Baroida was founded by Ben Colbran and wife Norma in the early 1960s, after purchasing the land from an indigenous man named Taro. At that time, the surrounding land was mostly grassland so for the first two years, Ben primarily cultivated vegetables that he would sell in the coastal town of Lae. In 1965, Ben followed the the government's encouragement to plant coffee, which thrived in this micro-climate. Ben owned Baroida until 1979 when he sold the land to a trust, but Ben's son, Nichol, stayed to manage. Nichol managed the operation until 1991 when he left to work on other projects. In 1997 he bought the land back, but, in those 6 short years while Nichol was gone, the farm had been mismanaged and had fallen into disrepair. Fortunately, the Colbran family immediately started to turn things around, all the while helping to create positive livelihoods for a lot of the local producers around the farm. In 2005 Nichol's son Chris moved back to the farm to work on many of the projects, in particular the cherry-purchasing Tairora project and the parchment-purchasing Lamari project. Chris's wife Melody has also been an integral part of the Colbran farm and, among many other contributions, she has helped build a local school for the community.
 
Another person of note is coffee veteran Stephen Romrundi, Baroida's Extension and Sustainability Officer, who hails from Mt. Hagen and came to Baroida in 2007 to help with the Tairora Network. In 2012, Stephen helped Counter Culture in separating varieties from the farm for tasting, and we always think of Stephen when it comes to projects that include the agronomy side of the farm.
 

Notes

Lot Specifics: June 27 & 28, 2013
Varieties: Typica, Bourbon, Arusha, MondoNovo (less than 10% Caturra,)

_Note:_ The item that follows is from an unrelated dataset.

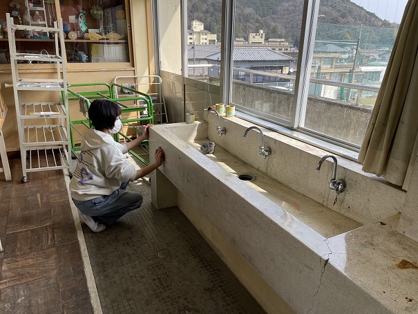 手洗い場は、絵の具などのシミもきれいになりました。

Elevation: 1,600 - 1,865 meters
Post-Harvest Process: Washed, Coffee is pulped using disk pulpers, and dry fermented for 36 hours. After
fermentation, mucilage is removed by pumping the coffee through pipes (Two lots this year were also post fermentation soaked, and we are still awaiting the final results of this experimentation.). Dried with outdoor tarps and mechanical dryers. Coffee is dried on plastic tarps on the ground, and drying times vary greatly on climate and can range from a few days to over 30 days. The last few years, drying has been a challenge as weather has been unpredictable and unseasonably rainy. This causes the Colbrans to use the mechanical drier more frequently, even though the tarps are preferred (This past harvest, more than 95% of the coffee for our lots though were dried solely using tarp drying. This year, after much conversation with Counter Culture, the Colbrans also built an amazing raised bed, which some experimental lots are being produced on, as well.).